Description of the task :: Every line of the data must be set down exactly as shown.

Records for this exercise ::
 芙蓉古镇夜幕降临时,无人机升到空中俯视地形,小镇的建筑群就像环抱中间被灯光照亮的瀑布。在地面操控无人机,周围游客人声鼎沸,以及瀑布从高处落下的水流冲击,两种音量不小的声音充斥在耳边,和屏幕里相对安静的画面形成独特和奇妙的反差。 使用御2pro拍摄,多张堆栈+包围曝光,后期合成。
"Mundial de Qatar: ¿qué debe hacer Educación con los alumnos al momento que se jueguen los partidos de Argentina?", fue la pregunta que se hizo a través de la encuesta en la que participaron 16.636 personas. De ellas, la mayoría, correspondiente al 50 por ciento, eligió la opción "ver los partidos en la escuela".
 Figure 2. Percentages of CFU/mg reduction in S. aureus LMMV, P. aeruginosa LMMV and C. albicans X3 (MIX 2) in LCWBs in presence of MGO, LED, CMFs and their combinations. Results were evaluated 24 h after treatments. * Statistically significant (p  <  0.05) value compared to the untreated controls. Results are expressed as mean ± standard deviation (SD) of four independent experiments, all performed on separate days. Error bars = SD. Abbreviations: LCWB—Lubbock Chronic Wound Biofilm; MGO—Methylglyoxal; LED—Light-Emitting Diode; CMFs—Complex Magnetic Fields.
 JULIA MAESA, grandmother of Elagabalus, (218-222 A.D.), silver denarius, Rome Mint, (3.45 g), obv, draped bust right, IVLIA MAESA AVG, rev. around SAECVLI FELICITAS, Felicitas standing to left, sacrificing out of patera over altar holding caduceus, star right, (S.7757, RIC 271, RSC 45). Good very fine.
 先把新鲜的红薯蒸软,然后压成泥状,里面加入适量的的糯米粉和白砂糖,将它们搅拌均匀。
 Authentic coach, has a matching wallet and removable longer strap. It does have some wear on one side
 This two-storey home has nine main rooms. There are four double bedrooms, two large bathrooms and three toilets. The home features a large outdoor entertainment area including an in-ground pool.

Worked solution ::
 芙蓉古镇夜幕降临时,无人机升到空中俯视地形,小镇的建筑群就像环抱中间被灯光照亮的瀑布。在地面操控无人机,周围游客人声鼎沸,以及瀑布从高处落下的水流冲击,两种音量不小的声音充斥在耳边,和屏幕里相对安静的画面形成独特和奇妙的反差。 使用御2pro拍摄,多张堆栈+包围曝光,后期合成。
"Mundial de Qatar: ¿qué debe hacer Educación con los alumnos al momento que se jueguen los partidos de Argentina?", fue la pregunta que se hizo a través de la encuesta en la que participaron 16.636 personas. De ellas, la mayoría, correspondiente al 50 por ciento, eligió la opción "ver los partidos en la escuela".
 Figure 2. Percentages of CFU/mg reduction in S. aureus LMMV, P. aeruginosa LMMV and C. albicans X3 (MIX 2) in LCWBs in presence of MGO, LED, CMFs and their combinations. Results were evaluated 24 h after treatments. * Statistically significant (p  <  0.05) value compared to the untreated controls. Results are expressed as mean ± standard deviation (SD) of four independent experiments, all performed on separate days. Error bars = SD. Abbreviations: LCWB—Lubbock Chronic Wound Biofilm; MGO—Methylglyoxal; LED—Light-Emitting Diode; CMFs—Complex Magnetic Fields.
 JULIA MAESA, grandmother of Elagabalus, (218-222 A.D.), silver denarius, Rome Mint, (3.45 g), obv, draped bust right, IVLIA MAESA AVG, rev. around SAECVLI FELICITAS, Felicitas standing to left, sacrificing out of patera over altar holding caduceus, star right, (S.7757, RIC 271, RSC 45). Good very fine.
 先把新鲜的红薯蒸软,然后压成泥状,里面加入适量的的糯米粉和白砂糖,将它们搅拌均匀。
 Authentic coach, has a matching wallet and removable longer strap. It does have some wear on one side
 This two-storey home has nine main rooms. There are four double bedrooms, two large bathrooms and three toilets. The home features a large outdoor entertainment area including an in-ground pool.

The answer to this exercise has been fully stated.